Combined with the conclusions obtained through disassembly and debugging above, it proves that the cause of the problem is consistent with our initial guess.
problem solved
Now that the root cause of the problem is known, the solution is relatively simple, as long as the type conversion is legal when performing operations,
Because v.size()the unsigned integer obtained in the sample code is small, we can directly and explicitly convert it to a signed integer:
...
if (pos <= (int)v.size() - 2) {
...
But this does not mean that as long as you explicitly convert the data type, errors will not occur.
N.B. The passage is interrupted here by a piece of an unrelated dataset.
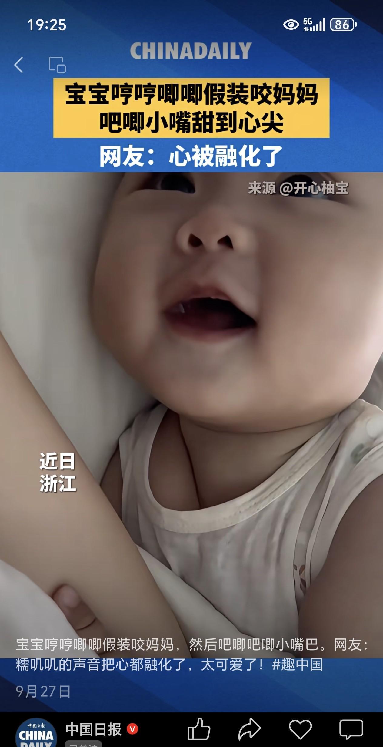 中国日报,每天发一个婴儿视频,把全天下的可爱小孩都收集来了。一开始还不知道,后来

For example, a negative number is converted to an unsigned number, and the maximum value of an unsigned number is converted to a signed number. These two are typical type conversion problems that cause numerical overflow.
We should ensure that there will be no overflow after the conversion before we have to convert the data type!